Considerable evidence exists that many mild cases of mastitis will self-cure and treatments are reserved more for acute cases where there is associated pain and inflammation.
Dry cow treatments
Much more contentious is the use of prophylactic antibiotics. For dairy farming, this includes dry cow treatments (DCT). DCT was partly developed to cure subclinical infections present at the end of lactation. It has never proven worthwhile to try and cure them during lactation. It has consistently been found to be up
to 80 percent effective in achieving cure during the dry period, one of the highest performance rates for any form of antibiotic treatment. However, a blanket treatment approach means that antibiotics are administered to many animals that have no intramammary infection.
The other motive in development of DCT was to prevent up to 80 percent of new infections that may occur in the dry period (half of all new infections of the mammary gland occur in the dry period).
It is not difficult to find cows with clinical mastitis and their treatment can be easily justified. But it is very difficult to predict which 10-20 percent of animals are likely to develop a totally new infection during the dry period, so many animals receive antibiotic treatment simply as insurance. This has been shown to be practical and economically worthwhile. As pressures increase to reduce antibiotic use in animals, DCTs have become a primary target for change, because uninfected animals are treated.
By 2009, the Dutch found that banning of antibiotic growth promoters had not reduced the total tonnage of antibiotics used in food animals. They then mandated for a 50 percent reduction in treatment use of antibiotics in food animals over three years.
On January 6 2012, the US Food & Drug Administration issued an order that prohibits certain uses of cephalosporin drugs in food-producing animals. This ban includes unapproved doses, frequencies and durations, i.e. off-label use.
The order also prohibits using cephalosporin drugs for disease prevention, but whether or not this will include the use of cephalosporin DCT remains uncertain.
Then on January 12 the German authorities published draft legislation to ‘reduce to an absolute minimum’ use of antibiotics in animals heading for slaughter into the food chain. The momentum to change the way that animal farming uses antibiotics is clearly gaining pace and scale.
This is happening in our international marketplaces and for our international competitors. The need for and extent of regulatory change in New Zealand is the responsibility of the New Zealand Food Safety Authority, but they generally follow international trends.

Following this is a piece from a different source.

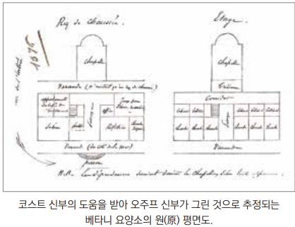 “1873년 6월에 오주프 신부는 르베디오스 씨에게서 그들이 얘기한 대지를 샀다. […] 보좌 신부였던 코스트 신부의 도움으로 오주프 신부는 즉시 새로운 (베타니) 요양소와 부속 성당의 설계도를 그렸다. (건축) 계획은 아주 열정적이었는데 홍콩과 극동 아시아 지역 최초의 요양소가 될 것으로 믿어 의심치 않았다. 그 시절에는 영국 식민지에서 건축 시공에 관한 어떤 특별한 규범이 없었다. 오주프 신부는 경제적인 이유로, 특히 공용 건물과 부속 성당의 설계는 그의 역량으로 가능해 보였으므로 결국 스스로 건축가가 되기로 결심하였다.”6)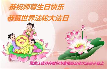 黑龙江省齐齐哈尔市富裕县大法弟子恭祝师尊生日快乐!恭贺世界法轮大法日!

It seems inevitable that antibiotic use in food-producing animals will become more restricted here as well.
Dairy farmers will need to review their use of DCT as part of their annual animal health plan prepared with their veterinarian.
Fortunately, New Zealand research studies have allowed us to understand the value, limitations and alternatives to antibiotic DCT.

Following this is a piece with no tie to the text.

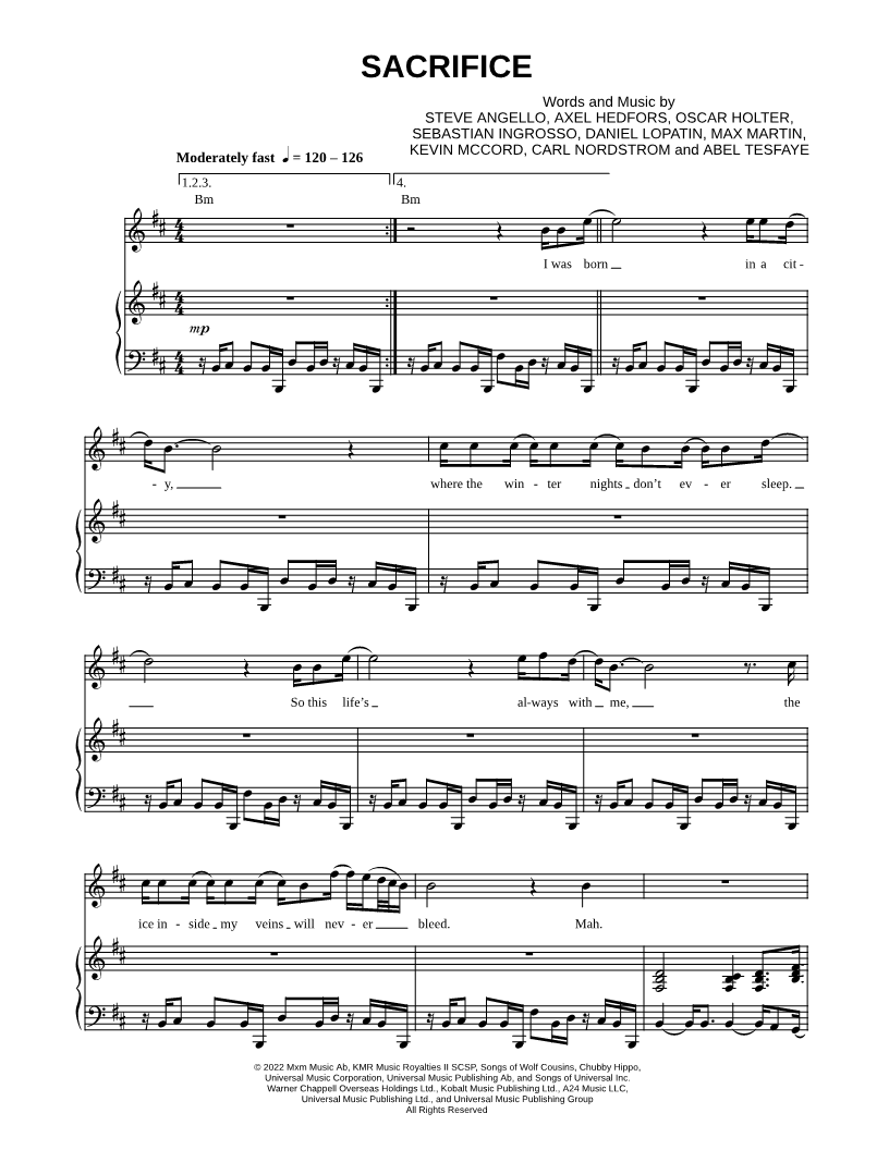 Voice, range: F#4-B5 Piano Backup Vocals | |

These learnings, along with significant international work, are being incorporated into the new DairyNZ SmartSAMM mastitis control programme being progressively released.
A review of the evidence on best ways to manage dry cow mastitis prevention will appear in the April 2012 issue of the DairyNZ Technical Series.

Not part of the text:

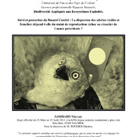 - Suivi et protection du Busard Cendré : la dispersion des adultes (mâles et femelles) dépend-t-elle du statut de reproduction (échec ou réussite) de l’année précédente ?
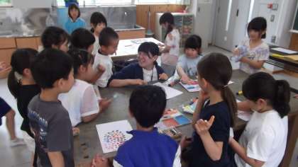 授業の終わりには、みんなで作品を並べて鑑賞し合う時間を設けました。「この色の混ざり方がきれい!」「指でこすると、こんな模様ができるんだ!」と、子どもたち同士で気づいたことを伝え合いながら、さらに学びを深める様子が見られました。

The future of mastitis management
- International marketplaces and international competitors are changing how their animal farmers use antibiotics
- Regulatory change in New Zealand is the responsibility of the New Zealand Food Safety Authority, which generally follow international trends
- It seems inevitable antibiotic use in food-producing animals will become more restricted here as well
- Dairy farmers will need to review their use of DCT as part of their annual animal health plan prepared with their veterinarian
- New Zealand research studies and international work is being incorporated into the new DairyNZ SmartSAMM mastitis control programme being progressively released.